- _Prompt_
The listing is to be repeated exactly, and its pictures are to be left out.

- _Material provided_
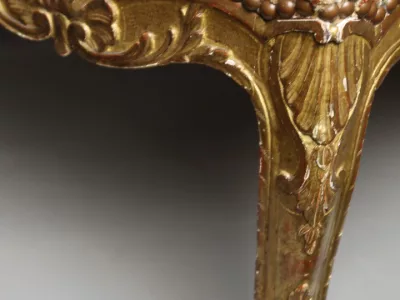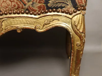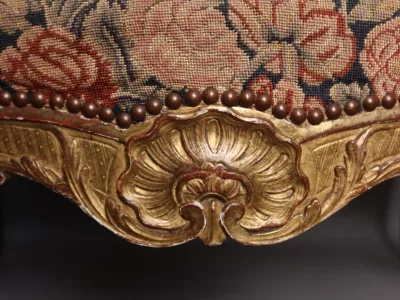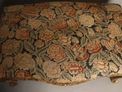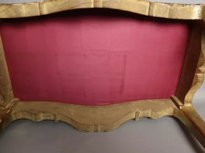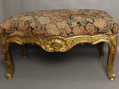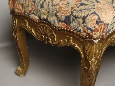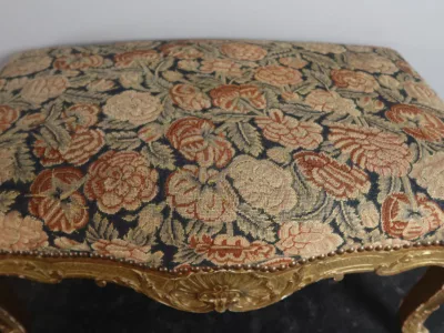 Taburete de madera tallada y dorada, estilo Luis XV, de finales del siglo XIX. Contáctenos para su entrega.
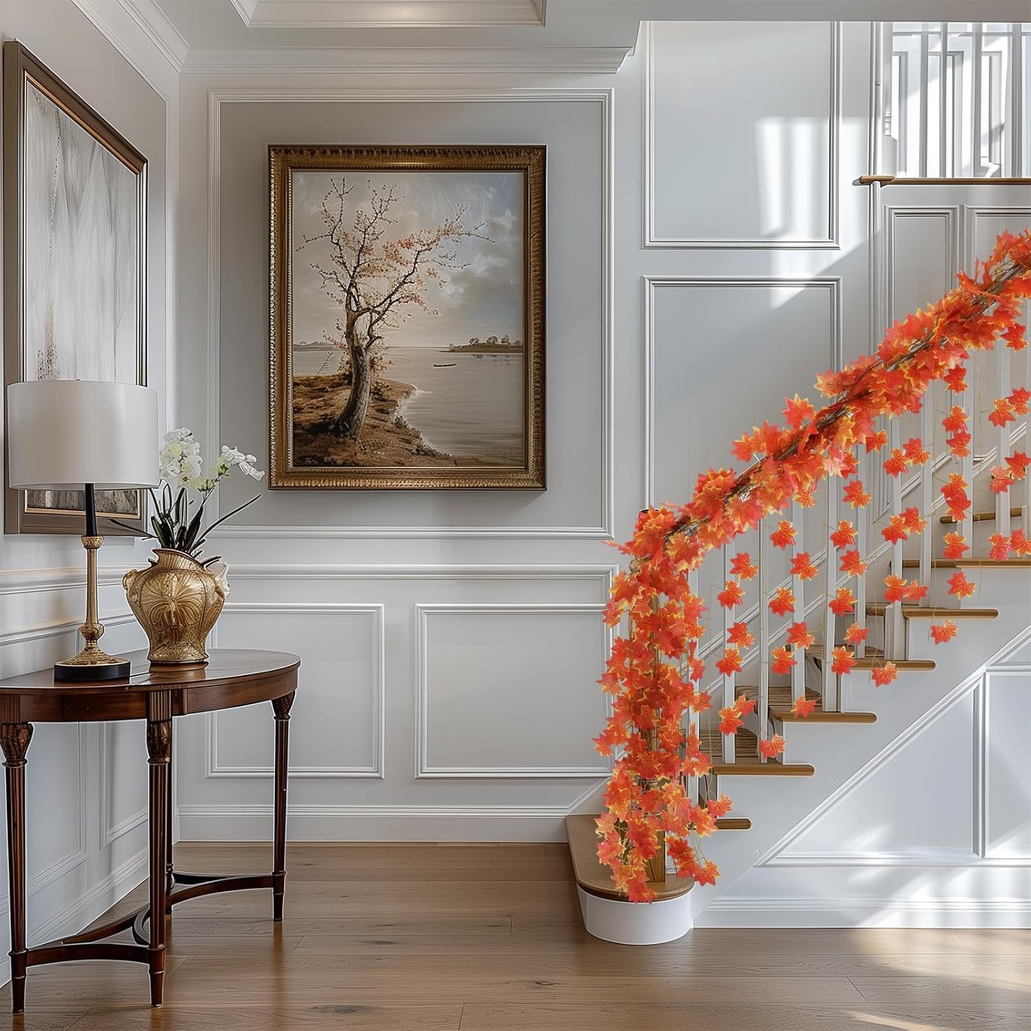 Fall Leaf Garland for Room Decor(12 Pack),Artificial Maple Leaves,Autumn Red LuxeFusion Product Description Features 【Fall Decor Garland Package】:Includes 12 fall leaf garland, Our fall maple garland each garland 7 FT Long,Leaves about 3.15 inches in diameter,Each vine holds 30 leaves. 【Realistic Appearance】:Our garland Plants maple Leaves,Featuring wonderful,shapely leaves and fall hues,looks lifelike and bringing a warm and pleasant atmosphere to your party and family. 【Versatile】: Red ivy garlands are suitable for Indoor, Outdoor, home decoration,Autumn, Wedding, Door, Fireplace, Thanksgiving, Halloween, Harvest, Christmas and Dinner Festival party,etc. add strong festival atmosphere to your space. it can also decorate balcony,Living room,bedrooms, bathrooms, garden, table, swing stand, stair banisters, restaurants, office. 【Premium Quality】: The artificial maple leaves are crafted from high-quality silk, with environmentally friendly plastic stems that are resistant to strong winds and sunlight. Durable and odorless, they are suitable for both outdoor and indoor decorations, allowing you to enjoy them for several seasons. 【Service】: Freyalife is committed to serving each customer with dedication and sincerity. if you have any questions about our fake flower vine, please feel free to contact us via email. Product Details Is Artificial Garland: Yes Shape: Leaf Manufacturer: Freyalife Package Dimensions: 5.83 x 4.33 x 3.39 inches Item Weight: 4.6 ounces Country of Origin: China Item model number: FZFY-001 Brand: Freyalife Color: Red Material: Silk Item Length: 84 Inches Plant or Animal Product Type: Ivy Free Shipping All orders ship free and fast to your doorstep. Easy Returns Satisfaction guaranteed. 30-day returns, no questions asked. 24/7 Support Contact us anytime; we’re here to help, day or night. Brought to you by LuxeFusion – Quality you can trust.
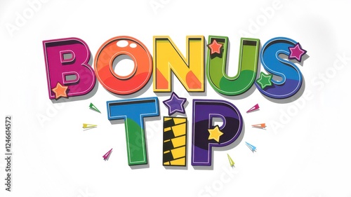 Fototapeta premium Colorful text saying Bonus Tip with playful design elements
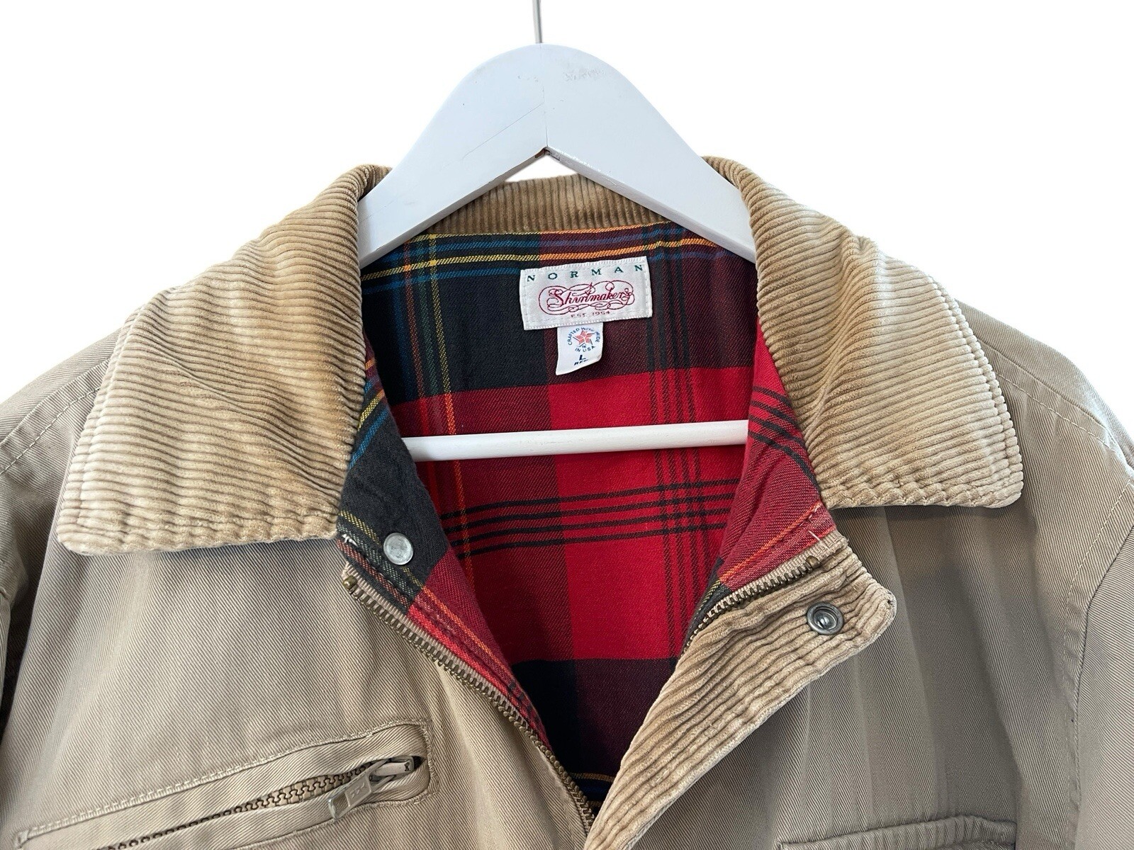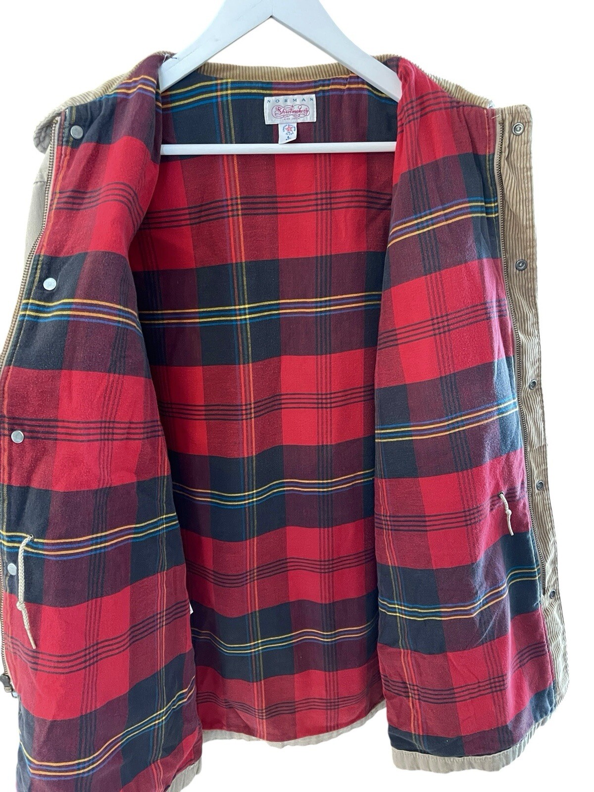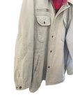 In excellent condition Cotton canvas exterior Cotton flannel lined Corduroy collar and trim Zip and snap closure Zippered chest pocket Snap pockets Reinforced elbow patches 25" pit to pit 33" total length

- _Response to the exercise_
 Taburete de madera tallada y dorada, estilo Luis XV, de finales del siglo XIX. Contáctenos para su entrega.
 Fall Leaf Garland for Room Decor(12 Pack),Artificial Maple Leaves,Autumn Red LuxeFusion Product Description Features 【Fall Decor Garland Package】:Includes 12 fall leaf garland, Our fall maple garland each garland 7 FT Long,Leaves about 3.15 inches in diameter,Each vine holds 30 leaves. 【Realistic Appearance】:Our garland Plants maple Leaves,Featuring wonderful,shapely leaves and fall hues,looks lifelike and bringing a warm and pleasant atmosphere to your party and family. 【Versatile】: Red ivy garlands are suitable for Indoor, Outdoor, home decoration,Autumn, Wedding, Door, Fireplace, Thanksgiving, Halloween, Harvest, Christmas and Dinner Festival party,etc. add strong festival atmosphere to your space. it can also decorate balcony,Living room,bedrooms, bathrooms, garden, table, swing stand, stair banisters, restaurants, office. 【Premium Quality】: The artificial maple leaves are crafted from high-quality silk, with environmentally friendly plastic stems that are resistant to strong winds and sunlight. Durable and odorless, they are suitable for both outdoor and indoor decorations, allowing you to enjoy them for several seasons. 【Service】: Freyalife is committed to serving each customer with dedication and sincerity. if you have any questions about our fake flower vine, please feel free to contact us via email. Product Details Is Artificial Garland: Yes Shape: Leaf Manufacturer: Freyalife Package Dimensions: 5.83 x 4.33 x 3.39 inches Item Weight: 4.6 ounces Country of Origin: China Item model number: FZFY-001 Brand: Freyalife Color: Red Material: Silk Item Length: 84 Inches Plant or Animal Product Type: Ivy Free Shipping All orders ship free and fast to your doorstep. Easy Returns Satisfaction guaranteed. 30-day returns, no questions asked. 24/7 Support Contact us anytime; we’re here to help, day or night. Brought to you by LuxeFusion – Quality you can trust.
 Fototapeta premium Colorful text saying Bonus Tip with playful design elements
 In excellent condition Cotton canvas exterior Cotton flannel lined Corduroy collar and trim Zip and snap closure Zippered chest pocket Snap pockets Reinforced elbow patches 25" pit to pit 33" total length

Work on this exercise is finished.